There are a lot of lessons to be learned from the disaster which flows from the explosion on the British Petroleum oil rig in the Gulf of Mexico, but one rings out clearly. It is far better to think first and talk later than the other way around.
At every turn over the past weeks – now approaching two months – spokespersons for British Petroleum have changed their message. From the total of oil escaping from the damaged rig (10,000, then 15,000, then 20,000 gallons) to the existence of plumes of oil beneath the surface (they don’t exist, they exist but they aren’t very big, they may exist but we haven’t found them), BP has rarely delivered the same message more than once; often, they’ve changed their message within the hour.
The reason for the competing, if not contrary, messages could be simple or sinister. It is perfectly reasonable to suspect that BP simply doesn’t know the answers to key questions because the circumstances are so new and the consequences so uncharted. It is also possible to assume that BP is acting with deliberation, consciously downplaying the impact of the crisis in order to ease their responsibility or ease public concern. Whatever the cause, the result is an object lesson in how to manage crisis communication badly.
Rather than admit the real truth – “We don’t know” or “We’re still trying to figure it out” or “Our data just isn’t complete” or even “We know the volume of oil pouring into the Gulf is massive but we have no reliable means of measuring it” – BP has put itself in the worst possible position. They have created a climate in which absolutely nobody – not experts, not the media, not the public at large – believes a word they say. That total loss of credibility not only harms their ability to squarely address the problems they face, it also creates an enduring and harsh long-term problem. It will be a long time before BP can issue a statement of any kind which is viewed with trust or confidence by the audience they seek to persuade.
Nonprofits and associations can learn a huge and vital lesson from this.
In crisis, it is far better to be sure than to be quick.
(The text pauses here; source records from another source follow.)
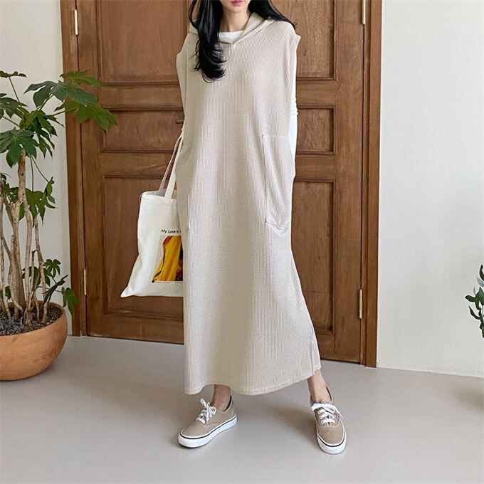 パーカーワンピース レディース ワンピース フード付き パーカー ノースリーブ ミモレ丈ワンピース ポケット付き ベスト ロング丈 ジレ ロング丈ベスト 体型カバー アウター 春秋ワンピース カットソー ストレート レイヤード 柔らかい 結婚式 二次会 袖なし きれいめ シンプル お洒落 オフィスカジュアル 通勤 二次会 フォーマル 30代 40代 50代 20代 60代 おしゃれ 春 秋 オシャレ かわいい 可愛い 韓国ファッション 韓流
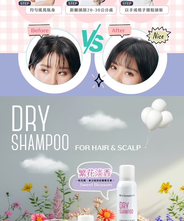 | 使用方法 | 使用前請均勻搖晃瓶身,距離頭部20-30公分處,噴在較油或有異味之髮根或髮絲處,靜置15-20秒後,再以手或梳子撥鬆頭髮即可。 |
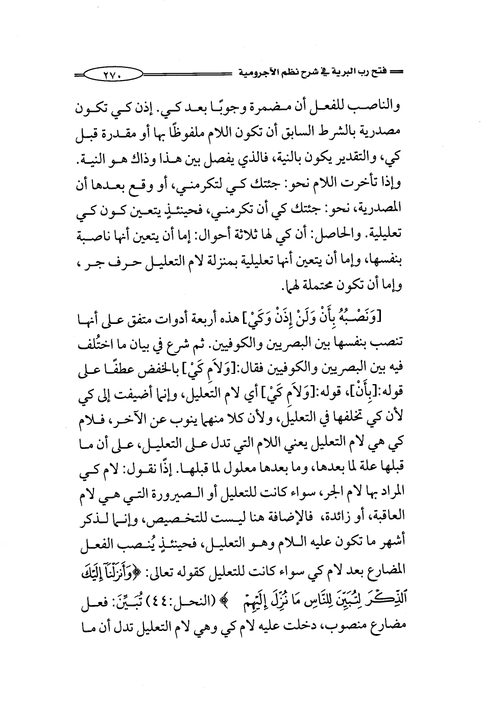 [وَنَصْبُهُ بِأَنْ وَلَنْ إِذَنْ وَكَيْ] هذه أربعة أدوات متفق على أنها تنصب بنفسها بين البصريين والكوفيين. ثم شرع في بيان ما اختُلف فيه بين البصريين والكوفيين فقال: [وَلاَمِ كَيْ] بالخفض عطفًا على قوله: [بِأَنْ]، قوله: [وَلاَمِ كَيْ] أي لام التعليل، وإنما أضيفت إلى كي لأن كي تخلفها في التعليل، ولأن كلا منهما ينوب عن الآخر، فلام كي هي لام التعليل يعني اللام التي تدل على التعليل، على أن ما قبلها علة لما بعدها، وما بعدها معلول لما قبلها. إذن نقول: لام كي المراد بها لام الجر، سواء كانت للتعليل أو الصيرورة التي هي لام العاقبة، أو زائدة، فالإضافة هنا ليست للتخصيص، وإنما لذكر أشهر ما تكون عليه اللام وهو التعليل، فحينئذٍ يُنصب الفعل المضارع بعد لام كي سواء كانت للتعليل كقوله تعالى: {وَأَنْزَلْنَا إِلَيْكَ الذِّكْرَ لِتُبَيِّنَ لِلنَّاسِ مَا نُزِّلَ إِلَيْهِمْ} (النحل:44) تُبَيِّنَ: فعل مضارع منصوب، دخلت عليه لام كي وهي لام التعليل تدل أن ما
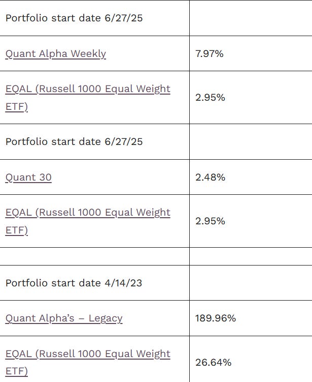 The Quant Alpha’s – Legacy Portfolio maintains its over 180% return.

Delaying a response or a statement until the facts are firmly in hand is far more effective than having to double back, shift and change, alter or amend. Each new change, each new alteration from a previous statement subverts credibility and, in crisis, such subversion is amplified – it doesn’t take very long at all to reach a point where every statement issued is viewed as dishonest or, at the very least, unreliable. Once that label is affixed, only bad things follow.
In crisis communications, the public and the news media share one simple conviction: Truth is trust. Risking the loss of trust at any time is not good; risking it in crisis is a cardinal sin. Hold the BP lesson dear – it is as valuable as any an organization in crisis can ever learn.